Breast Cancer

SS 12 - Breast 1 - Toxicity

91 - Comparing Whole Heart Versus Coronary Artery Dosimetry in Predicting the Risk of Cardiac Toxicity Following Breast Radiation Therapy

Monday, October 22
12:05 PM - 12:15 PM
Location: Room 214 C/D

Comparing Whole Heart Versus Coronary Artery Dosimetry in Predicting the Risk of Cardiac Toxicity Following Breast Radiation Therapy
S. A. Patel1, S. Mahmood2, T. Nguyen3, B. Y. Yeap4, R. B. Jimenez5, N. M. Meyersohn6, T. G. Neilan3, and S. MacDonald7; 1Harvard Radiation Oncology Program, Boston, MA, 2Divison of Cardiology, Massachusetts General Hospital, Boston, MA, 3Massachusetts General Hospital, Boston, MA, 4Department of Medicine, Massachusetts General Hospital and Harvard Medical School, Boston, MA, 5Department of Radiation Oncology, Massachusetts General Hospital Cancer Center, Harvard Medical School, Boston, MA, 6Department of Radiology, Massachusetts General Hospital, Boston, MA, 7Department of Radiation Oncology, Massachusetts General Hospital, Boston, MA

Purpose/Objective(s): Prior localization studies have implicated accelerated left anterior descending artery (LAD) atherosclerosis in the development of radiation-induced heart disease following breast radiation therapy (RT). However, whole heart dose constraints, namely mean heart dose (MHD), are most commonly utilized in RT treatment planning to predict and avoid cardiac toxicity. This study compares the relationship between MHD and LAD maximum dose (Dmax) to the onset of coronary artery disease identified on CT angiogram (CTA).

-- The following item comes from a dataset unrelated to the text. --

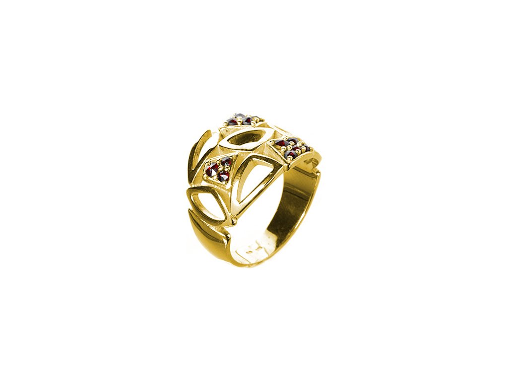 Tento elegantní prsten je vyroben ze stříbra (Ag 925/1000) a zušlechtěn zlacením. Je zdoben českým granátem. Prsten má motiv o velikosti 21x16 mm.
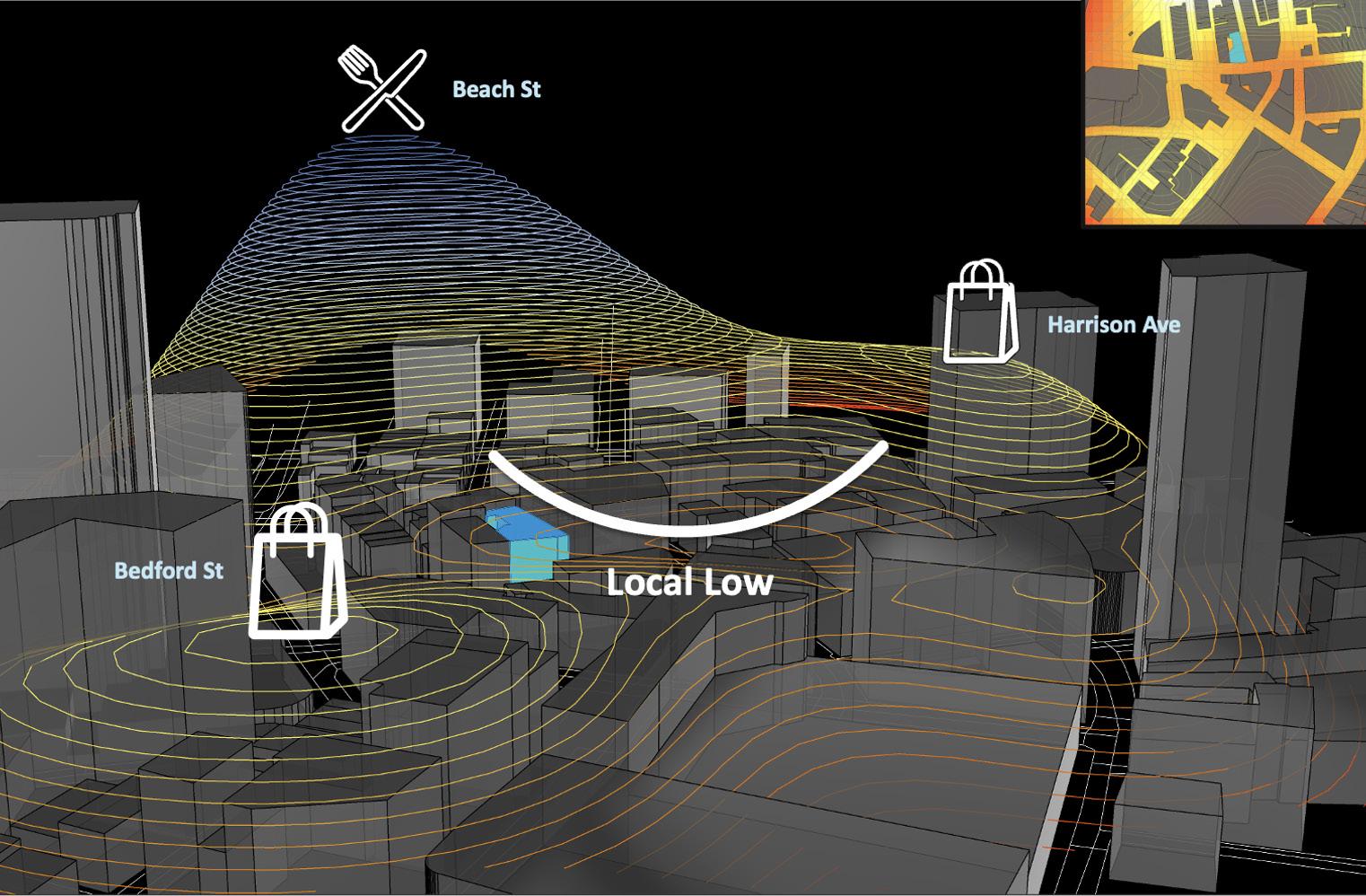 frontage with potential for reconsideration. To contextualize its surroundings, we examine a 3D heat map of ground-floor activation in the neighborhood. Areas such as Beach Street, Harrison Avenue, and Bedford Street register high levels of street-level engagement. By contrast, our site falls within a local low zone of activity — a quieter stretch with limited

Materials/Methods: We identified 52 women with stage I-III breast cancer (36 left, 16 right) treated with adjuvant breast or chest wall 3-dimension conformal RT who subsequently underwent CTA. No cardiac substructural dose constraints were used at treatment, and coronary vessels were contoured retrospectively and reviewed by a cardiac radiologist. Dosimetry to the LAD was calculated based on the individual RT plan used for treatment. A nested case-control study of incident LAD stenosis ≥ 25% luminal involvement and coronary artery calcification (CAC) using Agatston score was conducted. Controls were matched to cases on elapsed years between RT and CTA. Odds ratios (OR) were calculated using conditional logistic regression to assess the attribution of LAD Dmax and MHD dose parameters, adjusting for Atherosclerotic Cardiovascular Disease (ASCVD) score, history of ischemic heart disease, and statin use.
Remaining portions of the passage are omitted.